As I recall though, the author specifically says that there has never been a known society in which women have been dominant; and she explains why it is that matriarchal societies aren’t really societies in which women are dominant, or even equal to men, in a substantive sense.

So I imagine that were this feminist anthropologist posting with us today that she would have some grounds on which to cast doubt on what Satya has given us.

This brings me to my reply to smiling.

smiling, thanks very much for your civil reply. I do appreciate it.

I highly doubt that Satya was trolling since he was not resopnsible for the OP. He didn’t exhibit anything like the demeanor of a troll, and that’s why I so strongly objected to the treatment he was receiving.

" Why should I have to provide cites? The onus is still on Satygrahi to provide some for his/her side. Lets see some that aren’t from a “feminine studies” book and we’ll talk."

Well Satya did offer to come up with some cites. It’s possible he wasn’t able to find any; it’s possible he did some research and changed his mind. But in either case it’s also possible that he was hounded off the board for no good reason.

My big problem with your position is encapsulated in your second sentence.

What if Satya did draw his information from a feminist scholar?

BTW, I’ve never heard of “feminine studies.” As distinct disciplines there is women’s studies (or woman studies as it’s sometimes called); there’s gender studies, and then there is what’s generally called a “feminist” approach to existing disciplines whether that be anthropology, literature, history or what have you. Much like Lemur’s “neo-feminism,” your use of such a term suggests that you really don’t know very much at all about feminist scholarship. Possibly nothing at all.

How, therefore, can you assume that it is so erroneous?

It is simply ignorant to assume that feminist scholarship will be false simply because it is feminist scholarship. There is, on the contrary, a great deal of feminist scholarship that is very highly thought of–in addition to some stuff that is debatable and controversial. Where warranted, the latter do tend to fall out of favor, like discarded theories in every discipline.

There are many, many, many different positions within what can loosely be called feminist–inside and out of academia. There are also a lot of longstanding debates between different feminist positions. There is no single monolithic “feminism.” Still less a single monolithic “neo-feminism” or “feminine studies” ;).

Your initial response to Satya suggests that you have, at hand, some reliable evidence that what Satya posted derives from some sort of “feminist” agenda.

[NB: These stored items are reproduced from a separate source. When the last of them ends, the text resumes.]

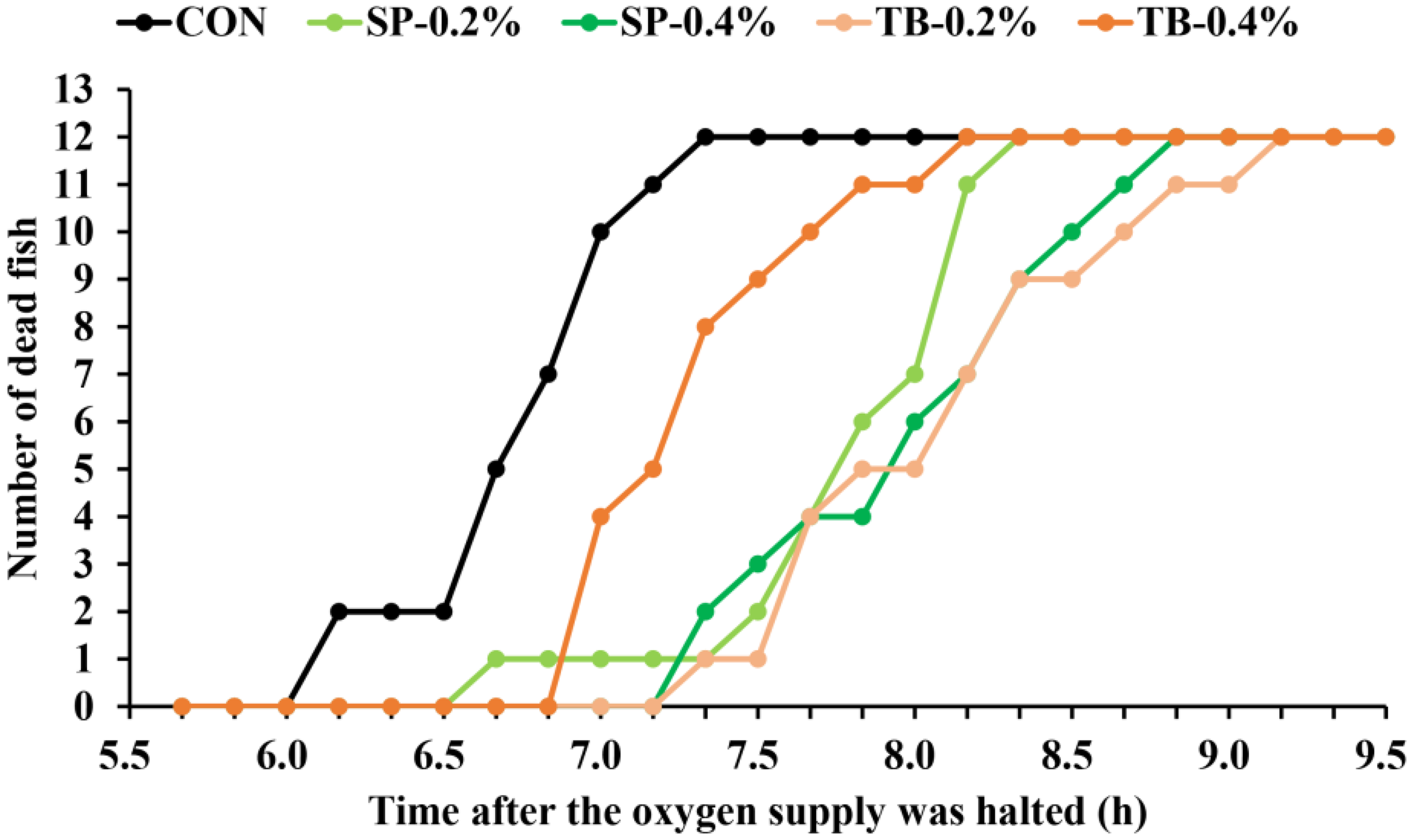 Hypoxic stress causes severe losses in farmed spotted seabass, thus the 8-week feeding experiment was followed by a hypoxic stress experiment. The CON fish began to die after 6 h after the oxygen supply was halted (the dissolved oxygen in each group reduced to approximately 1 mg/L), and all CON fish died after 7 h after oxygen was halted, demonstrating the weakest hypoxia resistance in all groups (Figure 1). Notably, all the SP and TB fish began to die later than that of the CON fish. The SP-0.4% and TB-0.2% fish began to die last, and the total death time in the SP-0.4% and TB-0.2% groups was also the longest, as it was ~2 h longer than that of the CON group, indicating stronger hypoxia stress resistance.
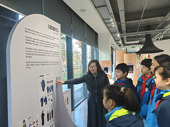 在上城区文化特派员张西琴的介绍下,孩子们的好奇心被彻底点燃。在《老鼠嫁女》展区,大家围着手稿追问苗族刺绣的寓意;看到《琵琶行》的服饰配色变化,有同学主动分享自己对诗句的理解。张西琴为孩子们搭建起通往专业艺术领域的桥梁,她结合展品细致拆解设计背后的文化内涵与创作逻辑,让孩子们读懂蒙古族图腾、唐代服饰形制如何与剧情深度融合,明白AI技术如何为传统纹样数字再生赋能。
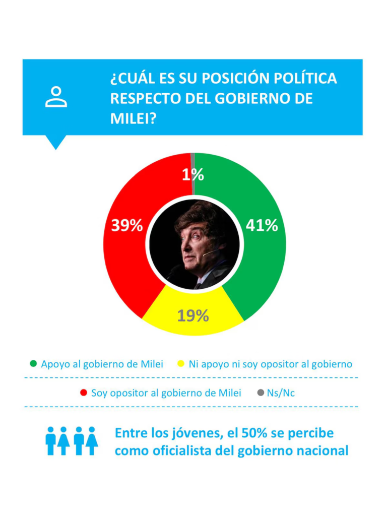 La consultora preguntó a los encuestados sobre su posición política respecto del gobierno de Milei. Cuatro de cada 10 (41%) respondieron que apoyan, y en la misma proporción (39%), que son opositores. Una porción importante (el 19%) no se percibe ni a favor ni en contra.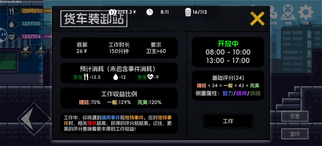突然发现一个很无脑的玩法,现在还有很多人再为饥饿,心情而困扰,不是在打工就是想办法搞钱,这游戏为的是什么,为的就是活下去,从而我发现,只要不生病不受伤,状态就不会呗影响,还有人说什么不能喝酒不能抽烟,容易掉状态,那都是矫情。 现在告诉你只要不捡垃圾吃不去翻垃圾就不会出现生病的状态,然后看到商店就进去窃取,虽然不会一次就成功,是不是怕被发现后进不了收容所和公厕?一个店可以反复的进反复的窃取知道成功为
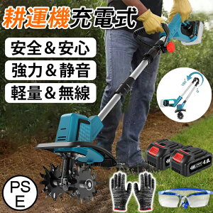 【2025新型】電動耕運機 充電式 ミニ耕運機 小型 家庭用 充電式耕うん機 コードレス 小型 種まき機 4枚刃 強力 ハイパワー 耕うん機 大容量電池2個付き 18v 耕運機 マキタバッテリー併用 畑...

Can you cite that evidence? If not, you really shouldn’t be saying such things; or when you say them you should make clear that they are an impression you’d formed rather than something you know authoritatively.

(On the same grounds, I’d say, that Satya should have made clear from the start that what he was offering was a debatable theory.)

Yes but that is the whole point.
There is absolutely NO proof to be had on anything regarding sociology from this period.

This is PRE-history, thus no written sources. Therefore it is not easy to disprove and why we are a little mad.

Exactly. We cannot assume that society was vastly different before agirculture without extrordinary evidence. What pissed me off was that SG presented his view as established fact. I went out of my way to point out that there isn’t much evidence for anything about sex-relations.

Logically, we should lightly and consciously assume things haven’t changed too much. Not as fact, but as the simplest statement.